Uruguayan cable television company

Televisión Cable Color (TCC) is a Uruguayan cable television company owned by the Fontaina - De Feo Group, consequently associated to its over-the-air network Canal 10 and part of Equital, a company operated in equal parts by Montevideo's three commercial stations. It was founded in 1995.

==History==
In 1995, the Luis Alberto Lacalle government issued tenders for cable TV companies, Sociedad Anónima de Emisión de Televisión y Anexos presented itself with Televisión Cable Color, while Grupo Monte Carlo presented Montecable and Sociedad Televisora Larrañaga Nuevo Siglo, obtaining the license to operate across Montevideo and the metropolitan area, by means of resolution N°117/1994 of the Executive Branch. The company was formed in March 1995.
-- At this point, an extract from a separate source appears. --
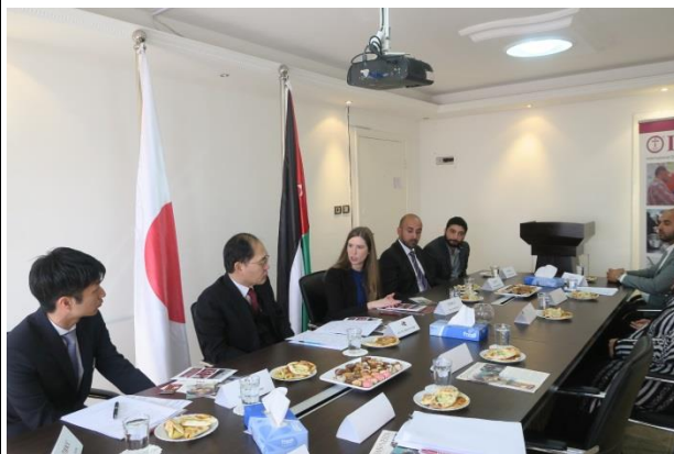
Project Briefing from IOCC

TCC started its regular commercial operations on November 26, 1995. On December 13 of that year, its first subscriber got connected. At the time, the cable company had 37 channels, later increasing to 44, five of which scrambled, later increasing to 15 by the time Tenfield started broadcasting its premium football service. The coverage area was initially limited to the Tres Cruces neighborhood and the south and north areas of Cordón. In 1999, it expanded to the east zone of Montevideo, Pocitos, Punta Carretas, Carrasco, Prado, Flor de Maroñas, Ituzaingó and Jardines del Hipódromo.

In December 2014, TCC shut down its analog signal after nineteen years; later, in May 2015, it aimed to start an OTT service as well as the AhoraTV schedule app.

In December 2018, TCC launched Teatrix, a platform to watch plays from Argentina, Brazil and Broadway in high definition.

When Equital (company formed by TCC, Nuevo Siglo, Montecable and Multiseñal) removed the Artear channels from its line-ups following a conflict with the company, TCC replaced TN with A24 and Canal (á) with Encuentro.

In December 2021, Juan Casaravilla was appointed its director-general.

== Subsidiaries ==
=== ZetaTV ===
TCC is a majority shareholder in the Uruguayan company ZetaTV, dedicated to the development and insertion of technologies (decoders, apps for TV and smart systems as well as software) for cable television companies in the Southern Cone (Uruguay, Argentina and Chile) where it provides assistance from its central offices in Montevideo.